Referring to fig. 4, the apparatus 400 may include one or more of the following components: a processing component 402, a memory 404, a power component 406, a multimedia component 408, an audio component 410, an interface for input/output (I/O) 412, a sensor component 414, and a communication component 416.
The processing component 402 generally controls overall operation of the apparatus 400, such as operations associated with display, telephone calls, data communications, camera operations, and recording operations. The processing component 402 may include one or more processors 420 to execute instructions to perform all or part of the steps of the speech enhancement method described above. Further, the processing component 402 can include one or more modules that facilitate interaction between the processing component 402 and other components. For example, the processing component 402 can include a multimedia module to facilitate interaction between the multimedia component 408 and the processing component 402.
The memory 404 is configured to store various types of data to support operations at the apparatus 400. Examples of such data include instructions for any application or method operating on the device 400, contact data, phonebook data, messages, pictures, videos, and so forth. The memory 404 may be implemented by any type or combination of volatile or non-volatile memory devices such as Static Random Access Memory (SRAM), electrically erasable programmable read-only memory (EEPROM), erasable programmable read-only memory (EPROM), programmable read-only memory (PROM), read-only memory (ROM), magnetic memory, flash memory, magnetic or optical disks.
Power components 406 provide power to the various components of device 400. Power components 406 may include a power management system, one or more power sources, and other components associated with generating, managing, and distributing power for apparatus 400.

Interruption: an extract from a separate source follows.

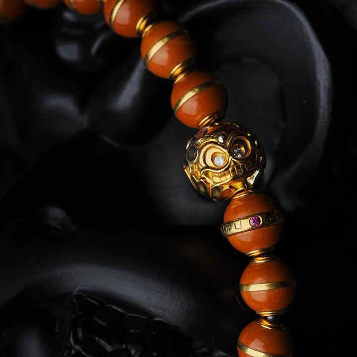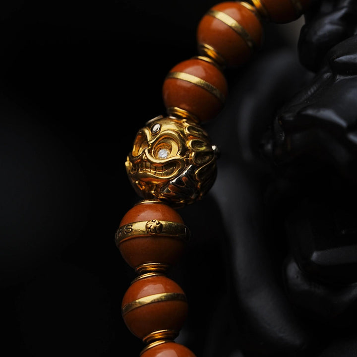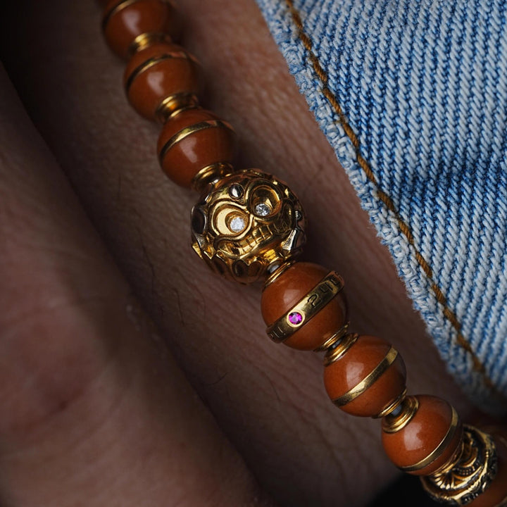 A celebration of pure form, this bracelet brings together flawlessly rounded beads, accentuated by a hand-crafted 22K solid gold centerpiece. The symmetry of round meeting round creates a visual rhythm that exudes balance, refinement, and quiet power.

The multimedia component 408 includes a screen that provides an output interface between the device 400 and the user. In some embodiments, the screen may include a Liquid Crystal Display (LCD) and a Touch Panel (TP). If the screen includes a touch panel, the screen may be implemented as a touch screen to receive an input signal from a user. The touch panel includes one or more touch sensors to sense touch, slide, and gestures on the touch panel. The touch sensor may not only sense the boundary of a touch or slide action, but also detect the duration and pressure associated with the touch or slide operation. In some embodiments, the multimedia component 408 includes a front facing camera and/or a rear facing camera. The front camera and/or the rear camera may receive external multimedia data when the apparatus 400 is in an operation mode, such as a photographing mode or a video mode. Each front camera and rear camera may be a fixed optical lens system or have a focal length and optical zoom capability.

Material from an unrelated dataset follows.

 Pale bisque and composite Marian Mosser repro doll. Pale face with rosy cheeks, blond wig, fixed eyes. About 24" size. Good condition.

The audio component 410 is configured to output and/or input audio signals. For example, audio component 410 includes a Microphone (MIC) configured to receive external audio signals when apparatus 400 is in an operational mode, such as a call mode, a recording mode, and a voice recognition mode. The received audio signals may further be stored in the memory 404 or transmitted via the communication component 416. In some embodiments, audio component 410 also includes a speaker for outputting audio signals.

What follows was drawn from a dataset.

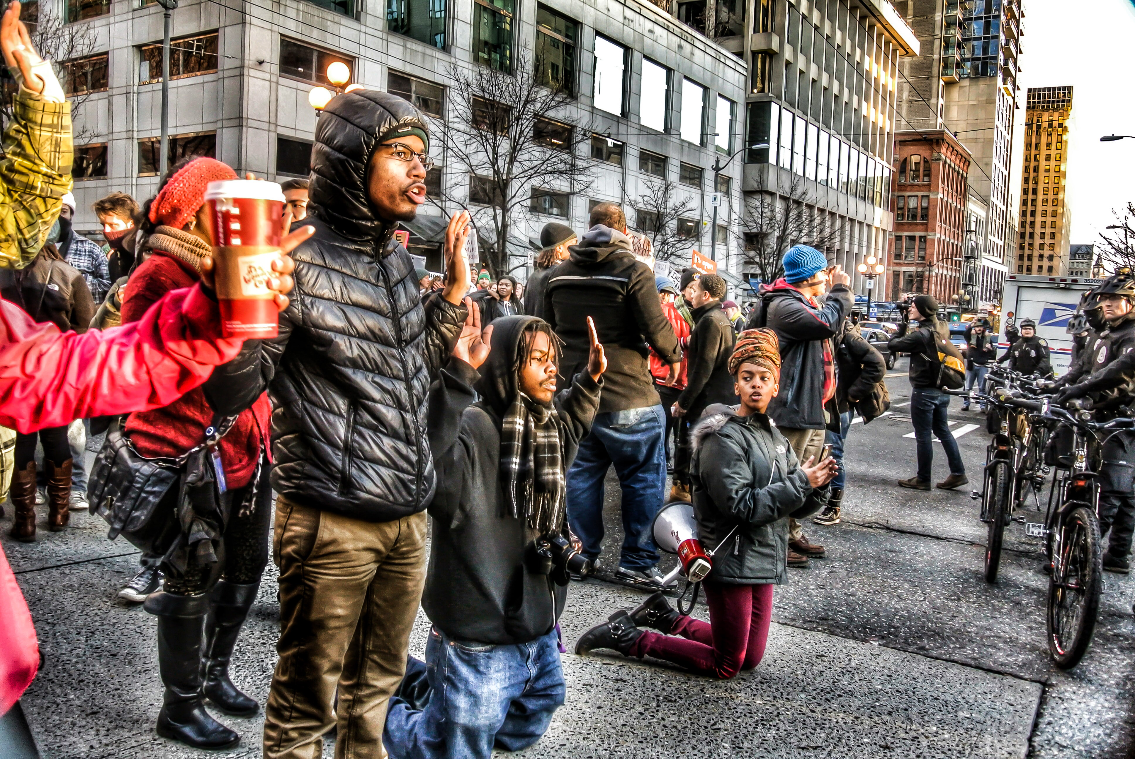 The beautiful thing about this movement to end police brutality and by corollary to end the system which buttresses mass incarceration is that it has bridged culture, class, nationality, sex, religion, age, gender identification, race, ethnicity, political ideologies, and color. In the marches here in Seattle and around the United States, at any point that you turn around to look at the people putting their bodies on the line to ensure that Civil Rights are achieved you will see someone from any of innumerable walks of life and backgrounds. The beauty of it is that as different as we all are, we all believe that people should be treated fairly and equally.

The I/O interface 412 provides an interface between the processing component 402 and peripheral interface modules, which may be keyboards, click wheels, buttons, etc. These buttons may include, but are not limited to: a home button, a volume button, a start button, and a lock button.
The sensor component 414 includes one or more sensors for providing various aspects of status assessment for the apparatus 400. For example, the sensor assembly 414 may detect an open/closed state of the apparatus 400, the relative positioning of the components, such as a display and keypad of the apparatus 400, the sensor assembly 414 may also detect a change in the position of the apparatus 400 or a component of the apparatus 400, the presence or absence of user contact with the apparatus 400, orientation or acceleration/deceleration of the apparatus 400, and a change in the temperature of the apparatus 400. The sensor assembly 414 may include a proximity sensor configured to detect the presence of a nearby object without any physical contact. The sensor assembly 414 may also include a light sensor, such as a CMOS or CCD image sensor, for use in imaging applications. In some embodiments, the sensor assembly 414 may also include an acceleration sensor, a gyroscope sensor, a magnetic sensor, a pressure sensor, or a temperature sensor.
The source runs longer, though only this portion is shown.